April 29, 2024, 11:41 pm


Jannatul Islam

Published:
2023-07-06 03:01:32 BdST

Growth in export, remittance pin hope for economy


Bangladesh’s economy has received a significant boost as the fiscal year 2022-23 concluded with record highs in export earnings and remittance inflows, alleviating pressures on foreign currency reserves.

Exporters raked in $55.56 billion during the fiscal year, marking a 6.67 percent increase from the previous year and setting a record for the highest export revenue in the nation's history.

Additionally, remittances saw a surge in June, with expatriates sending home $2.19 billion ahead of Eid ul Azha, the highest in 35 months.

This represented a 2.75 percent increase compared to the previous fiscal year, with the total remittance inflow standing at $21.03 billion.

Economists believe these positive trends will bolster Bangladesh’s foreign exchange reserves.

Dr. Atiur Rahman, former governor of Bangladesh Bank, observed that the concluded fiscal year showcased positive developments in the country’s external accounts, with both remittances and export earnings posting growth.

Dr. Rahman noted that despite economic turbulence, remittances grew by 2.8 percent and exports by 6.67 percent. He expressed optimism but opined that the figures could have been higher had the country adopted market-driven solutions earlier.

He further emphasized the urgency of implementing the proposed monetary policy, commending the 'corridor system' on interest rates as a commendable beginning.

“If needed we may increase the spread to give some more room to the banks to make the financial system more competitive. The risky borrowers must pay more to the banks,” he noted.

He also called for the rapid implementation of the foreign exchange rate policy.

“Multiple exchange rates must converge to a single rate as early as possible,” added Dr. Atiur, who is also the chairperson at development think tank Unnayan Shamannay.

These record figures in export and remittances present an encouraging sign for the country’s economy as it navigates a global economic landscape fraught with uncertainties.

Innovation in foreign exchange operations is critical for attracting more foreign direct investments, says Dr. Atiur Rahman.

He praised Bangladesh Bank for permitting foreign companies to retain their capital and earnings in foreign currency accounts, which would save them from currency conversion losses.

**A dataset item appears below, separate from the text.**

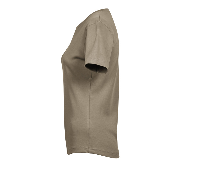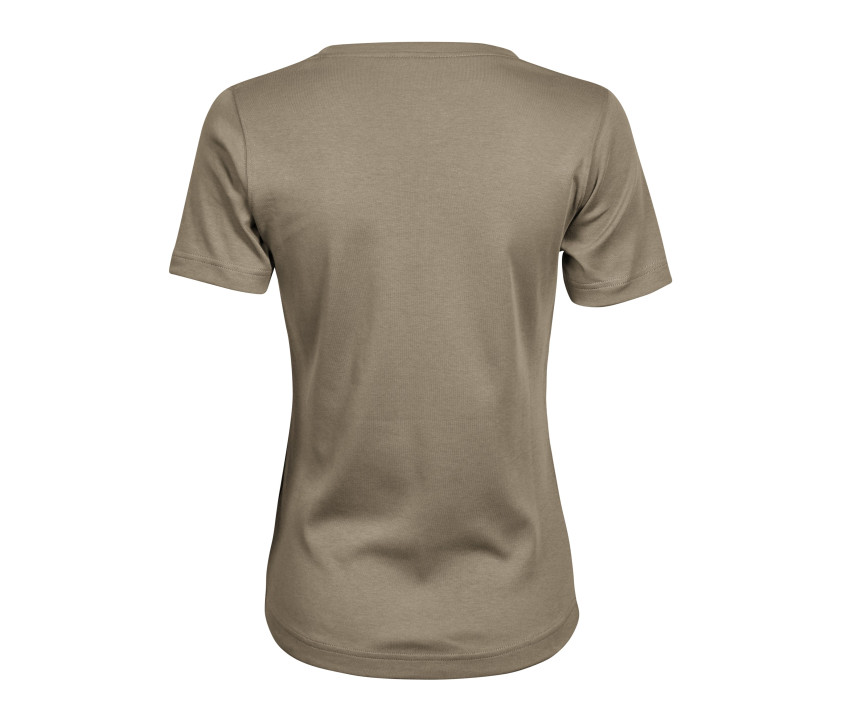 Tee-shirt femme - Coupe ajustée. Col en bords côte. Double couture. Lavé aux enzymes.

However, Dr. Atiur pointed out that foreign investors still face a myriad of bureaucratic hurdles in obtaining permissions or clearances. While the Bangladesh Investment Development Authority (BIDA) has set up one-stop services, he stressed the importance of making these operational in a real sense.

He also mentioned that erratic electricity supplies have hampered higher growth in export earnings. The government is reportedly making concerted efforts to improve the electricity supply situation, which should positively impact export earnings in the current fiscal year.

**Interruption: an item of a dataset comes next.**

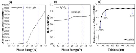 The calculated absorption coefficient α and reflectance R are depicted in Figure 4a and Figure 4b, respectively. The photoelectric conversion efficiencies, as shown in Figure 4c, reach 13% and 20% for film thicknesses of 100 nm and 300 nm, respectively, with the system approaching absorption saturation (21%) at 300 nm. In our device simulation, the thickness of β-AgGaO2 is chosen as 300 nm, a value that is commonly used for BiFeO3 thin films in experiments [,,]. The physical model described in Equation (11) calculates the theoretical maximum photovoltaic conversion efficiency, which serves as an initial reference for evaluating the photovoltaic potential of the material. To obtain a more accurate representation of the actual device performance, we construct a detailed solar cell device model in the following sections for further calculation of the solar cell characteristics of β-AgGaO2.

Dr. Atiur added, “Geopolitical tensions are affecting our export potential. However, if we can synchronize the implementation of our monetary and foreign exchange rate policies along with a steady supply of energy, Bangladesh will surely witness an early return to external account stability.”

Dr. Mohammad Abdur Razzaque of Research and Policy Integration for Development (RAPID) labeled the growth in remittance as expected, especially ahead of Eid, and termed the export earnings as ‘impressive’.

He attributed the growth in remittance to exchange rate adjustments and government incentives.

“Export data from the Export Promotion Bureau (EPB) should match with Bangladesh Bank transactions for a more accurate assessment of international trade,” Dr. Razzaque suggested.

He commended Bangladesh Bank for maintaining good transaction records despite the global export market's negative trends.

The EPB revealed that businesses exported products worth $5.03 billion in June alone, a 2.51 percent increase compared to the same period last year.

The total remittance through legal channels stood at $21.61 billion, an increase of 3 percent compared to last year. However, export revenue fell short of the $58 billion target by 4.21 percent, or $2.44 billion.

The export of readymade garments accounted for $46.99 billion, a 10.27 percent increase compared to the previous fiscal year, according to EPB data.

However, export earnings from leather and leather products declined by 1.75 percent to $1.22 billion in the 2022-23 fiscal year.